Industry Implementations and Capabilities
- Anthropic: Offers a Computer Use API with Sonnet 4.5 achieving 61.4% on OSWorld. Their documentation highlights pixel-precise grounding, retry mechanisms, and safety checks.
- Google DeepMind: Provides the Gemini 2.5 Computer Use API, boasting top scores on Online-Mind2Web, WebVoyager, and AndroidWorld benchmarks, alongside latency metrics and safety features.
- OpenAI: Features the Operator research preview powered by a Computer-Using Agent, accessible to select U.S. Pro users, with a dedicated developer interface and limited availability.
Future Directions: From Web Interfaces to Full OS Control
- Efficient Workflow Replication: A key research focus is enabling agents to imitate complex tasks from minimal demonstrations, such as a single screen recording paired with verbal instructions. This remains an active area of exploration rather than a finalized product capability.
- Reducing Latency for Seamless Interaction: To maintain natural user experience, agents must execute actions within 100 to 1000 milliseconds. Current systems often exceed this due to computational overhead in vision processing and planning. Innovations like incremental frame analysis, OCR caching, and action batching are expected to address these challenges.
- Expanding OS-Level Functionality: Handling file dialogs, managing multiple windows, interacting with non-DOM interfaces, and adhering to system policies introduce new failure points absent in browser-only agents. Gemini’s current focus on browser optimization highlights the need for further OS-level refinement.
- Enhancing Safety Measures: Agents must guard against prompt injection attacks, unauthorized or hazardous actions, and data leaks. Safety protocols include allow/deny lists, user confirmations, domain blocking, typed action contracts, and consent mechanisms for irreversible operations.
Guidelines for Developing Computer-Use Agents
- Begin with a browser-centric agent using a well-defined action schema and a validated testing framework such as Online-Mind2Web.
- Incorporate robust recovery strategies including explicit post-action checks, on-screen validation, and rollback capabilities for complex workflows.
- Approach performance metrics critically, favoring audited leaderboards and third-party evaluation over self-reported results. OSWorld’s execution-based evaluation ensures reproducibility and fairness.

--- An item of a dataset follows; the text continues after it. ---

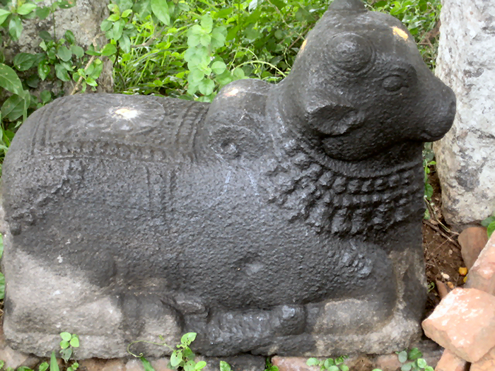 ஊரின் வடகிழக்குப் பகுதியில் ஏரிக்கு அருகாமையில் விளைநிலங்களுக்கிடையே சிதைந்த நிலையில் சிவபெருமான் கோயிலொன்று அமைந்துள்ளது. இத்திருக்கோயிலின் தற்போதைய நிலை கண்களில் நீரை வரவழைக்கும் அளவிற்கு உள்ளது. ![]() கரும்பூர் சிவபெருமான் திருக்கோயில் திருக்கோயிலின் பல்வேறு கட்டிடப் பகுதிகளும் கல்வெட்டு பொறிக்கப்பட்டுள்ள கற்களும் சிற்பங்களும் ஆங்காங்கே சிதறிக் கிடக்கின்றன. இத்திருக்கோயிலின் தாங்குதளம் (அதிஷ்டானம்) மட்டும் கருங்கற்களால் அமைக்கப்பட்டு மேலே செங்கற்களால் விமானம் எழுப்பப்பட்டிருக்கலாம் என்பதை ஊகிக்க முடிகிறது. பழுதுபட்டுள்ள ஆதிதளக் கருவறை மட்டும் இன்னும் இடிபாடுறாமல் மிச்சமிருக்க தளத்தின் மேற்பகுதிகள் அனைத்துமே சிதைந்துவிட்டன. ![]() கருவறை ![]() சூரியன் கருவறையில் லிங்க உருவில் சிவபெருமான் எழுந்தருளியுள்ளார். சதுர வடிவில் ஆவுடையாரைக் கொண்டுள்ளது லிங்கம். லிங்கம் தவிர சோழர்காலச் சூரியன், அம்மன் முதலான தெய்வங்களின் திருவுருவங்கள் உரிய பீடங்களின்றி கருவறையில் காணப்படுகின்றன. கோயிலின் வடபுறத்தில் சண்டேசுவரர் சிற்பம் காணப்படுகிறது. திருக்கோயில் நல்நிலையில் இருந்த காலத்தில் இதர பரிவார தெய்வங்களும் இருந்திருக்கலாம். தற்போது அவற்றைக் காண இயலவில்லை. கருவறைக்கெதிரே நந்தியெம்பெருமான் அமைதியாக எழுந்தருளியுள்ளார். ![]() நந்தி கோயிலைச் சுற்றிச் செடிகளும் கொடிகளும் வளர்ந்துள்ளன. போதிய பராமரிப்பின்றி இத்திருக்கோயில் தன் இறுதி நாட்களை எண்ணிக் கொண்டுள்ளது. ![]() சிதறிய கற்பகுதிகள் கல்வெட்டுக்கள் இக்கோயிலில் காணப்பட்ட கல்வெட்டுக்கள் மத்தியத் தொல்பொருள் ஆய்வுத்துறையால் படியெடுக்கப்பட்டு கல்வெட்டு ஆண்டறிக்கை (ARE) 1934-35ல் அவற்றின் சுருக்கங்கள் வெளியாகியுள்ளன. ‘கரும்பூர்’ என்று தற்போது அழைக்கப்படும் இவ்வூர் முற்காலத்தில் ‘கருமூர்’ என்று அழைக்கப்பட்டதை அறியமுடிகிறது. ஆமூர் கோட்டத்தில் குமிழி நாட்டில் அமைந்துள்ள ‘பெருந்தோட்டத்து ஆழ்வார்’ என்றறியப்படும் இக்கோயிலின் இறைவனின் வழிபாட்டிற்காக தானமொன்று அளிக்கப்பட்ட செய்தியினை முதலாம் இராஜராஜரின் 26ம் ஆட்சியாண்டுக் கல்வெட்டொன்று இயம்புகின்றது. மேலும் மூன்றாம் இராஜராஜனின் 4ம் ஆட்சியாண்டில் தில்லை நாயக அறையன் கூத்தன் என்பவர் நந்தா விளக்கு எரிக்க தானமளித்த செய்தி காணப்படுகிறது. மற்றொரு கல்வெட்டில் மாம்பாக்கத்தைச் சேர்ந்த பெரியான் அரசன் என்பார் விளக்கெரிக்க தானமளித்த செய்தியையும் தெரிந்து கொள்ள முடிகிறது. சோழர் காலத்தில் இத்திருக்கோயில் சிறப்பாகப் போற்றிப் பராமரிக்கப்பட்டு வழிபாடுகள் நிறைவுற நடைபெற்றதை கல்வெட்டுக்கள் கொண்டு

Open-Source Contributions and Research Tools
Hugging Face’s Smol2Operator offers an open-source post-training pipeline that transforms compact VLMs into GUI-grounded operators. This resource is particularly valuable for research labs and startups focused on reproducible training methodologies rather than leaderboard dominance.
Essential Insights
- Computer-use agents leverage VLMs to interpret screen content and perform limited UI actions, enabling interaction with unmodified software. Leading implementations include Anthropic’s Computer Use, Google’s Gemini 2.5 Computer Use, and OpenAI’s Computer-Using Agent.
- The OSWorld benchmark evaluates 369 real-world desktop and web tasks with execution-based scoring, initially revealing a significant gap between human (72.36%) and AI (12.24%) performance.
- Anthropic’s Claude Sonnet 4.5 has narrowed this gap substantially, achieving 61.4% on OSWorld.
- Google’s Gemini 2.5 excels in web benchmarks but requires further development for comprehensive OS-level control.
- OpenAI’s Operator, powered by a Computer-Using Agent, remains in limited research preview, focusing on screenshot-based GUI interaction.
- Open-source initiatives like Hugging Face’s Smol2Operator promote standardized training and evaluation pipelines, fostering transparency and reproducibility in this emerging field.